Thanks for any advice,

Tom


----------



## HCD (Oct 29, 2007)

I have recently worked on 2 Vaio laptops where they consistently trip out and the only solution is to reset the system battery (involves getting under keyboard!). 1 was resolved after the reset - the other has been stripped down for salvage! Sony cannot be contacted on a technical level - they always refer you to their helplines for standard "have you done this?" questions. Even the Vaio link site remains unanswered on at least 2 threads.
Sony produce good laptops - at a price. They often will use proprietary components that are pricey to replace. If you are looking for high end laptop (not so sure how much better than cheaper alternatives!) - Sony is good. Rather like Mr Mercedes/Rolls Royce - pay more more style/quality etc. When it goes wrong - increasingly difficult (and ergo expensive!) to find approved service agents.
Bon Chance!


----------



## DaveA (Nov 16, 1999)

We have been using the VAIO laptops for many years. The first ones were with 98 and on. We now have two with Vista and they are running just fine.
Of the different ones on the market I have not found any for the price that can beat the VAIO's.

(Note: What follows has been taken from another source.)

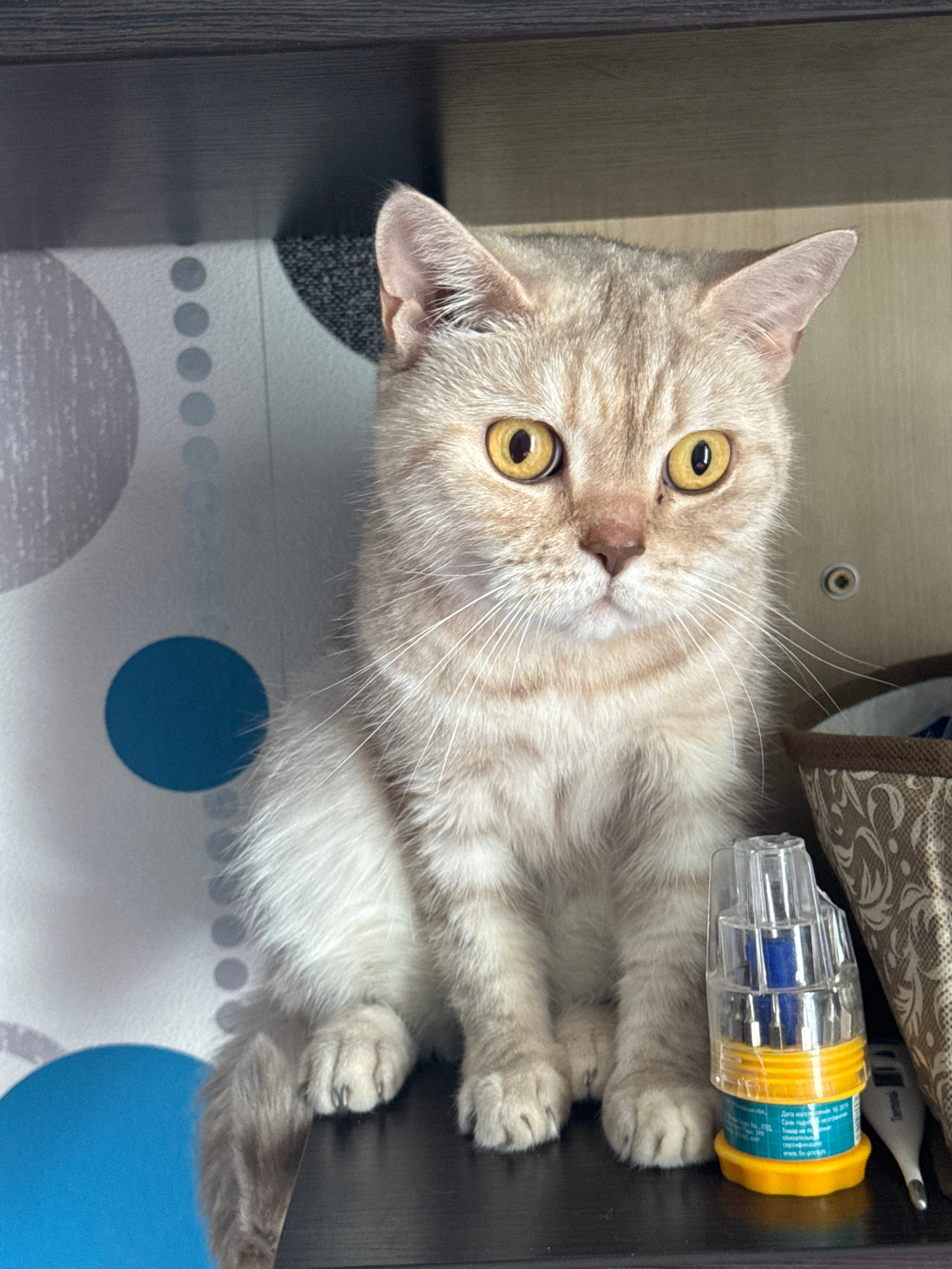 A tan and white tabby cat with large yellow eyes is lying on a surface with a pattern of light gray and blue circles, inside a dark-colored drawer. A clear plastic pill container with a yellow cap, a…read more

We have needed to contact Sony a couple of times and we have gotten great results from them. We use the "Live Chat" at the support page any our issues were worked out.
See http://esupport.sony.com/US/perl/support-contacts.pl?


----------



## HCD (Oct 29, 2007)

Fair point DaveA - I would point out that I am speaking from UK experience, where support for technicians is poor. I would reiterate that they are good machines - just not as "user" friendly on hardware issues that arise.


----------



## AleciaBrent (Aug 21, 2008)

First thing comes to me is style... Sony is known for building laptops which are unique. Sony is ready for taking up of challenges, that&#8217;s why it builds laptops which are entirely different from other branded laptops. These laptops have unique stylish attitudes. VAIO series laptops are known for their elegant outlook. They are quite simple, casual and smart.


----------



## JohnWill (Oct 19, 2002)

FWIW, the Sony laptops I've had to work on have been a giant PITA to take apart! Their idea of changing out a hard disk on many of their models is to take almost every piece off the machine to get to the drive!


----------



## DaveA (Nov 16, 1999)

NOT having had any hardware issues with a Sony VAIO laptop, I have never tried to take apart one. But I have added and/or replaced memory without issue.

The only reason that we have replaced one was we out grew it of needed more power of a newer one.


----------



## HCD (Oct 29, 2007)

The great debate moves on......Sony have always been known for style, flair etc and have always mooted this as their justification for charging more for their brand than others. If you take their DVD recorders - did you know that Samsung make the vast majority of the "innards" for them now......check out the price differential and you'll see how much the brand name is worth (in their opinion). They have historically made some "cracking" products that have been market leading etc...but have always limited supply to maintain their "proprietary" brand status. I think that they have missed the boat as very many more consumers now look at cost as opposed to "style". Their laptops do look good and are geared to the true multimedia domain but god help you if it ever breaks down. JohnWill has PITA as a useful descriptor...I'd go so far as to say....waste of space!


----------